*EXERCISE DETAILS*
The material below holds the lines to copy: from the one with "在滇剧院展厅,王润梅院长向同" up to and including the one with "4 cm Bunny and". Copy them exactly and skip the pictures.

*SUPPLIED INFORMATION*
/---
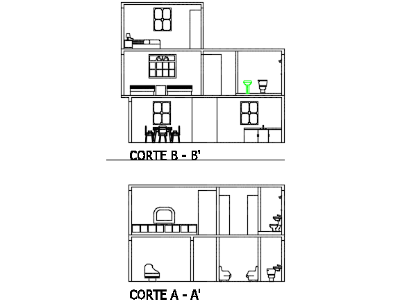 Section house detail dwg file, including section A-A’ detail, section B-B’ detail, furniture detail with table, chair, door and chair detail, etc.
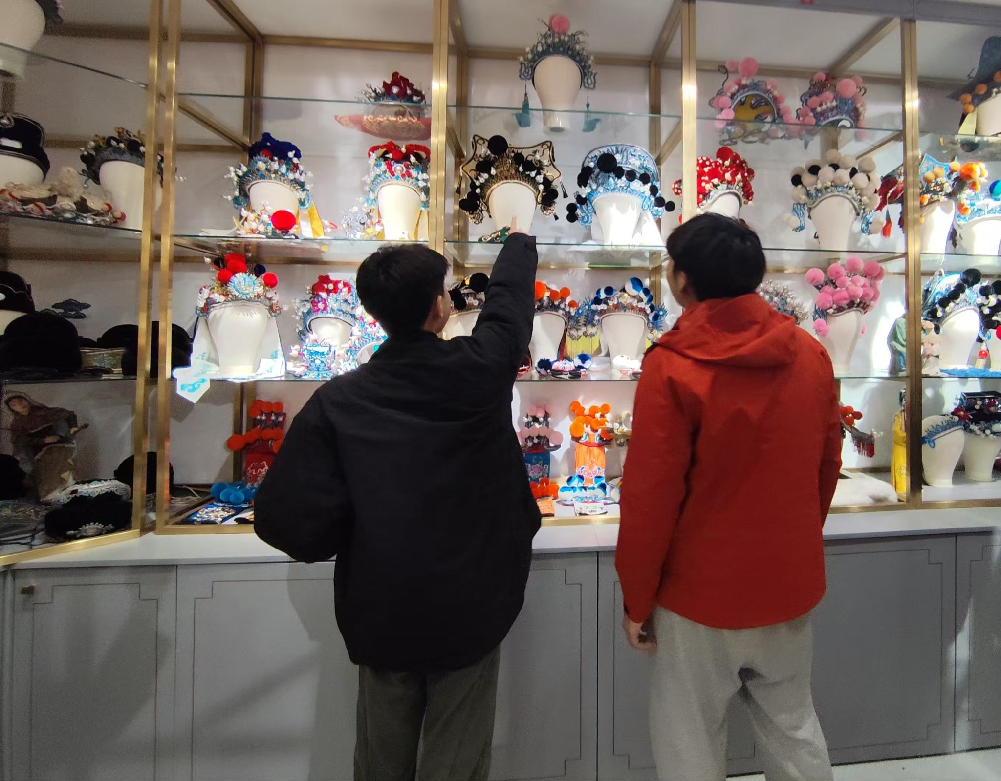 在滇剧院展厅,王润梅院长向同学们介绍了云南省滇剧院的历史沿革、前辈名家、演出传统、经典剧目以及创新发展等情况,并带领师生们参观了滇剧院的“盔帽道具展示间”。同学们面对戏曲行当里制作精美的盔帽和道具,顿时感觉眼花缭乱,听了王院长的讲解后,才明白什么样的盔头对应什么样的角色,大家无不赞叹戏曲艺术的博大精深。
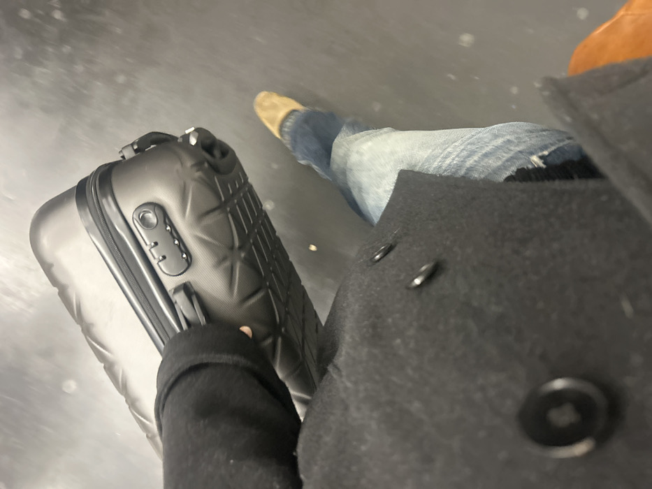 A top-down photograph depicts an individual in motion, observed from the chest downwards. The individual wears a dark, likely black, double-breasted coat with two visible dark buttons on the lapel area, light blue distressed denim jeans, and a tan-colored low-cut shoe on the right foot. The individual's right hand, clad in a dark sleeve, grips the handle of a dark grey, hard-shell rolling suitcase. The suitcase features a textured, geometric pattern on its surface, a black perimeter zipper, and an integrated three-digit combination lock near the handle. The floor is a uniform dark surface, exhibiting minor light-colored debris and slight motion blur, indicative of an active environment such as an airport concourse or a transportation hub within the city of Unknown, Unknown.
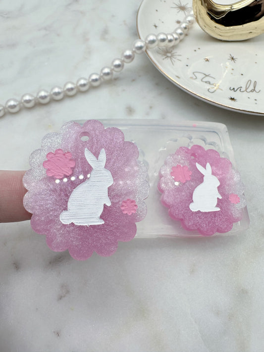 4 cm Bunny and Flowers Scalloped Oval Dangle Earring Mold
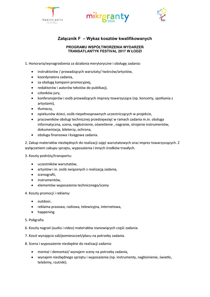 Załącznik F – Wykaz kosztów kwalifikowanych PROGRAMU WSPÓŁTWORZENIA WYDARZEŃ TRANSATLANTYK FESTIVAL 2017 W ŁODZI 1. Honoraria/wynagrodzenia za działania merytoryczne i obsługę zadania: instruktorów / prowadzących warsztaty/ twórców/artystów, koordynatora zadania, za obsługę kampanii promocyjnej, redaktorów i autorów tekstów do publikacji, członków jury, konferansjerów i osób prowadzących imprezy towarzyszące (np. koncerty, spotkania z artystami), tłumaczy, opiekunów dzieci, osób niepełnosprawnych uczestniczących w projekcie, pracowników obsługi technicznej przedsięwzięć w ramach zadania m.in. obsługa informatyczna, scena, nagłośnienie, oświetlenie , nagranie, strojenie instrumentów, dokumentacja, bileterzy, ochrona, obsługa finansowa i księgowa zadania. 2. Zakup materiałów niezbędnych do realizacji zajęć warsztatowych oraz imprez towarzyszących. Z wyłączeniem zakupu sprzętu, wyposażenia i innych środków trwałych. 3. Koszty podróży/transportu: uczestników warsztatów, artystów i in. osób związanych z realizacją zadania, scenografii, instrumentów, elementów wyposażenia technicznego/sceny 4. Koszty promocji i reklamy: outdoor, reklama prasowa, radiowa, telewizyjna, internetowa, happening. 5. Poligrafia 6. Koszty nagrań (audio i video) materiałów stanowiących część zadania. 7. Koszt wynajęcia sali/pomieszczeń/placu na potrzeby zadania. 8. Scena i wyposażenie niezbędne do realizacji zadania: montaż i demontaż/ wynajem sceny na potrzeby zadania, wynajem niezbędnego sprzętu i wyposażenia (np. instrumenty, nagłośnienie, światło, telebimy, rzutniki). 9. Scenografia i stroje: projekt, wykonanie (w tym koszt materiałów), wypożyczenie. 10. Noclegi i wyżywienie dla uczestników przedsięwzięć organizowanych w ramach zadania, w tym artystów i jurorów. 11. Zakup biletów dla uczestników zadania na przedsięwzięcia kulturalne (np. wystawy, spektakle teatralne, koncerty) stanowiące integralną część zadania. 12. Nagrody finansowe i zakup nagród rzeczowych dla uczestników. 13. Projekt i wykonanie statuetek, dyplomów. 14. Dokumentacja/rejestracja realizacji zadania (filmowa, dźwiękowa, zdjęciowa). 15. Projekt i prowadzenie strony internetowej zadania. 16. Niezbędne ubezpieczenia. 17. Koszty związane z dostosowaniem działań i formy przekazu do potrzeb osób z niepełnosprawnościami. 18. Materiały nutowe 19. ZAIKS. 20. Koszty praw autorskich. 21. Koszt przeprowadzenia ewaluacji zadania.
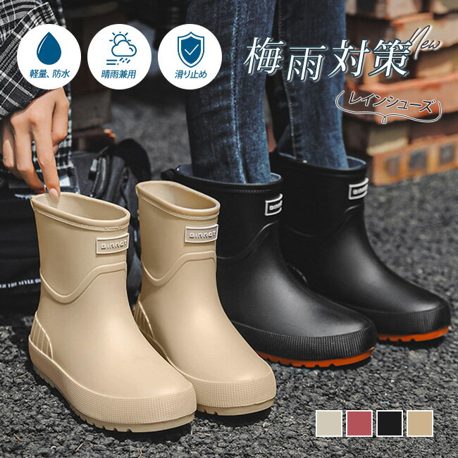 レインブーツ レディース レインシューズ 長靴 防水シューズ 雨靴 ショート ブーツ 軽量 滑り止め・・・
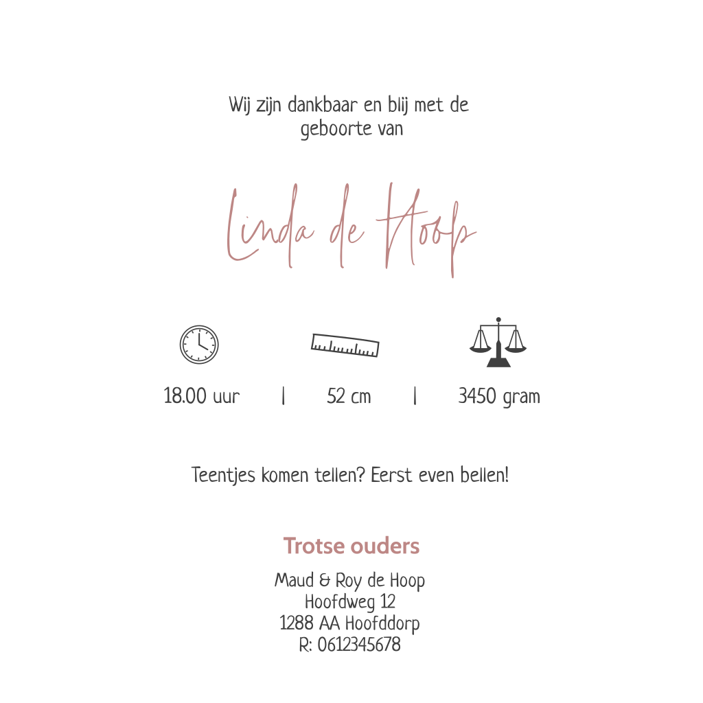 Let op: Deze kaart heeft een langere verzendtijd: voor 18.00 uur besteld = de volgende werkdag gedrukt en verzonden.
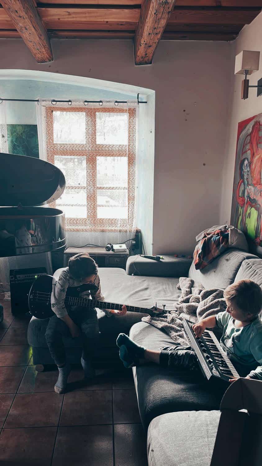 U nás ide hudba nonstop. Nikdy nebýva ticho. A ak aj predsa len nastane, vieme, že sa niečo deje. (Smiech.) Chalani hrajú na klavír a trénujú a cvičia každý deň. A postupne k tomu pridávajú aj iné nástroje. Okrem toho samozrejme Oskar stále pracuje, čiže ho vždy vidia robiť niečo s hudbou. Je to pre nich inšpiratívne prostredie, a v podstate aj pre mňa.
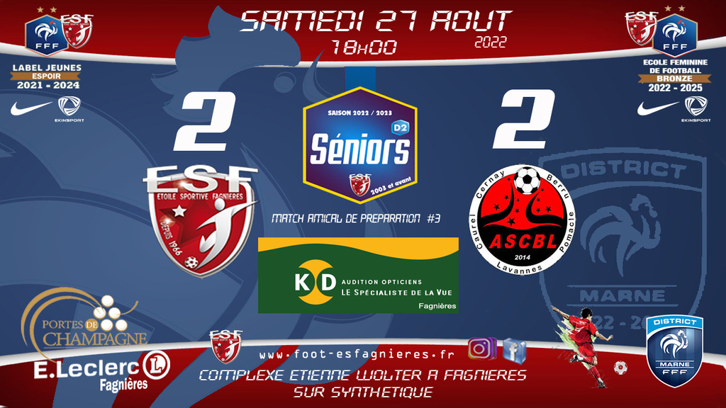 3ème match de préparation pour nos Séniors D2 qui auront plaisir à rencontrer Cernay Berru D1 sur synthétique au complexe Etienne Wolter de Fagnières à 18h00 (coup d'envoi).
\---
*YOUR RESPONSE*
 在滇剧院展厅,王润梅院长向同学们介绍了云南省滇剧院的历史沿革、前辈名家、演出传统、经典剧目以及创新发展等情况,并带领师生们参观了滇剧院的“盔帽道具展示间”。同学们面对戏曲行当里制作精美的盔帽和道具,顿时感觉眼花缭乱,听了王院长的讲解后,才明白什么样的盔头对应什么样的角色,大家无不赞叹戏曲艺术的博大精深。
 A top-down photograph depicts an individual in motion, observed from the chest downwards. The individual wears a dark, likely black, double-breasted coat with two visible dark buttons on the lapel area, light blue distressed denim jeans, and a tan-colored low-cut shoe on the right foot. The individual's right hand, clad in a dark sleeve, grips the handle of a dark grey, hard-shell rolling suitcase. The suitcase features a textured, geometric pattern on its surface, a black perimeter zipper, and an integrated three-digit combination lock near the handle. The floor is a uniform dark surface, exhibiting minor light-colored debris and slight motion blur, indicative of an active environment such as an airport concourse or a transportation hub within the city of Unknown, Unknown.
 4 cm Bunny and Flowers Scalloped Oval Dangle Earring Mold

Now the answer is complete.